If you want to build a grid, do not make an astropy table each time! That appears to dominate the overhead at each iteration.
LVG computations have weird units. The opacity of a line only depends on the velocity-coherent column along the line of sight, i.e. the column per km/s.
The key assumption in the LVG Sobolev approximation is that each "cell" can be treated independently such that there are no nonlocal radiative effects.
This independence implies that there is a separation between the local volume density and the total line-of-sight column density.
However, the quantities reported by typical codes - RADEX, DESPOTIC - are integrated line-of-sight values. The column density, abundance, and local volume density are not independent, then.
In order to have a self-consistent cloud (or line of sight), you must assume some length scale. Usually, one specifies a velocity gradient per length scale rather than an absolute length scale, but the length scale is important.
If a total column density of hydrogen N(H) is specified along with a density n(H), the length scale is trivial: N(H)/n(H) = L. If you increase the density, this length scale decreases - so far all is fine.
Within RADEX, the standard free variable is the column of the molecule of interest. If you change the column of the molecule, which is possible to do explicitly, and hold everything else fixed in RADEX (n(H), dV), the change can be interpreted as a change in the size scale or the column.

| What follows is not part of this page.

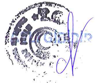
Nabi AVCI Millî Eğitim Bakanı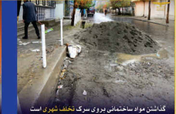
گذاشتن مواد ساختمانی بروی سرک تخلف شهري است

One could consider the alternative possibility of treating the length scale as a free parameter, but this approach contains a danger of changing the interpretation of the processes involved: if the length scale is decreased for a fixed delta-V, the velocity gradient dv/dl must be larger. This interpretation should be avoided as it bears the risk of breaking the LVG assumption. The velocity gradient is also often an imposed constraint via the observed linewidth, while the length scale is only weakly constrained in most situations.
In DESPOTIC, the free variables are the total column density, the density, the abundance, and the velocity gradient. Length is therefore left as the dependent variable, consistent with the above.
The Classes (Despotic & Radex) are constructed such that length is a dependent variable and all the others can be changed. Since abundance is not an explicit input into RADEX, this is done with some property machinery behind the scenes. In v0.3, the length in Radex has been fixed to 1 pc.